*** Record set Section Begins ***
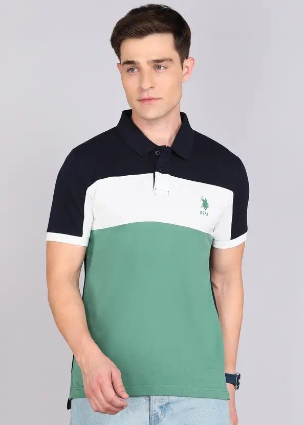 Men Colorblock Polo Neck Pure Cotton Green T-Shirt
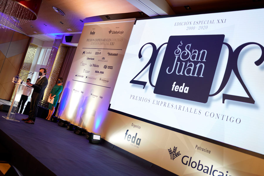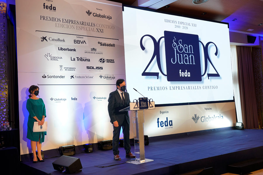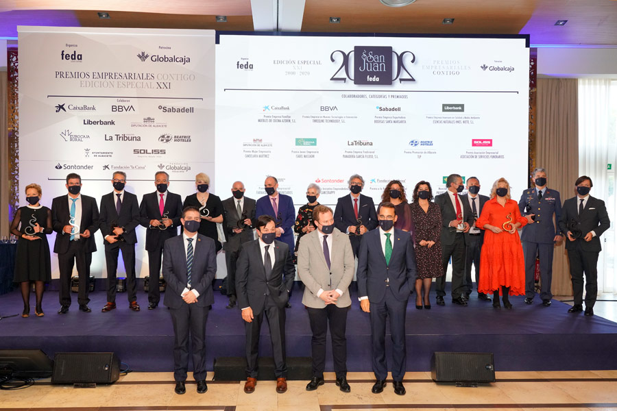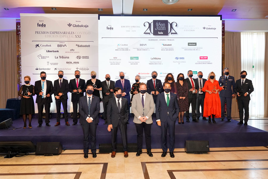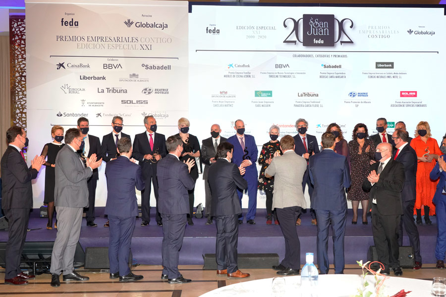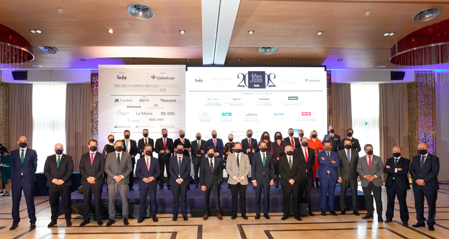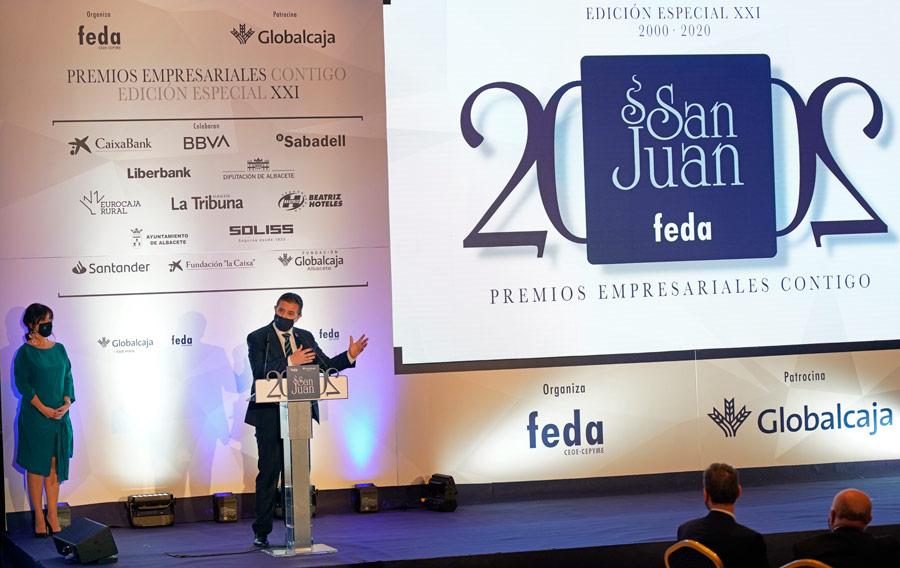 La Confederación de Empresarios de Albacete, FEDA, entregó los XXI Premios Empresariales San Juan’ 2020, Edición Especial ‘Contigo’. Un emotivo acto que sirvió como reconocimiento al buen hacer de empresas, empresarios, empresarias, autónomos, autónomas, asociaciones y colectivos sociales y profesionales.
*** Record set Section Ends ***
*** Record set Section Begins ***
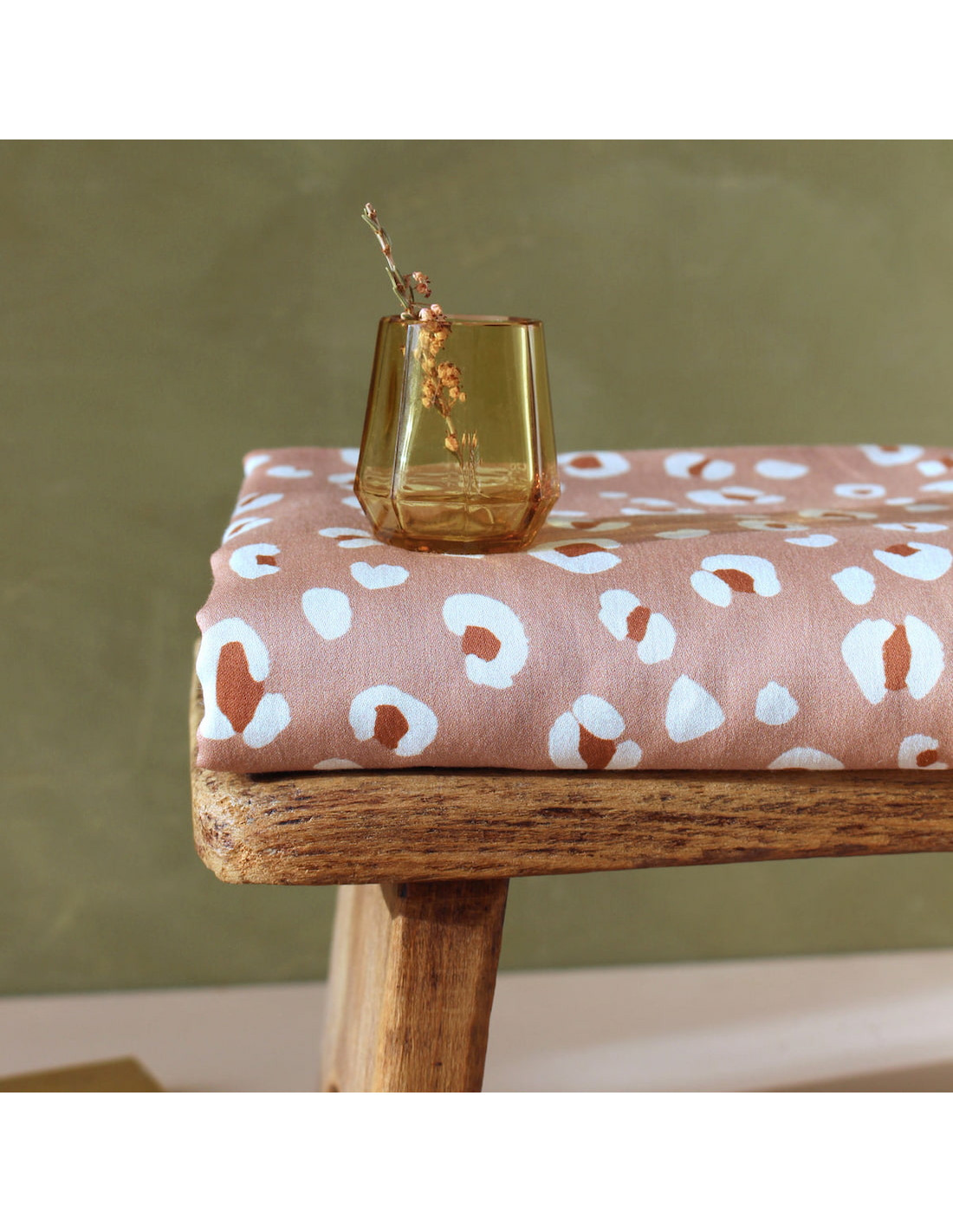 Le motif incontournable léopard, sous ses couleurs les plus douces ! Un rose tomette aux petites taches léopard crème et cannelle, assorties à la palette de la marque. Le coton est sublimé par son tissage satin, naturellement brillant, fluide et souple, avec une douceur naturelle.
*** Record set Section Ends ***
> [Work to be completed]: Starting with the line that has "Men Colorblock Polo" and going on through the line that has "La Confederación de", transcribe the records above exactly, but skip the pictures.

> [Response area]:
 Men Colorblock Polo Neck Pure Cotton Green T-Shirt
 La Confederación de Empresarios de Albacete, FEDA, entregó los XXI Premios Empresariales San Juan’ 2020, Edición Especial ‘Contigo’. Un emotivo acto que sirvió como reconocimiento al buen hacer de empresas, empresarios, empresarias, autónomos, autónomas, asociaciones y colectivos sociales y profesionales.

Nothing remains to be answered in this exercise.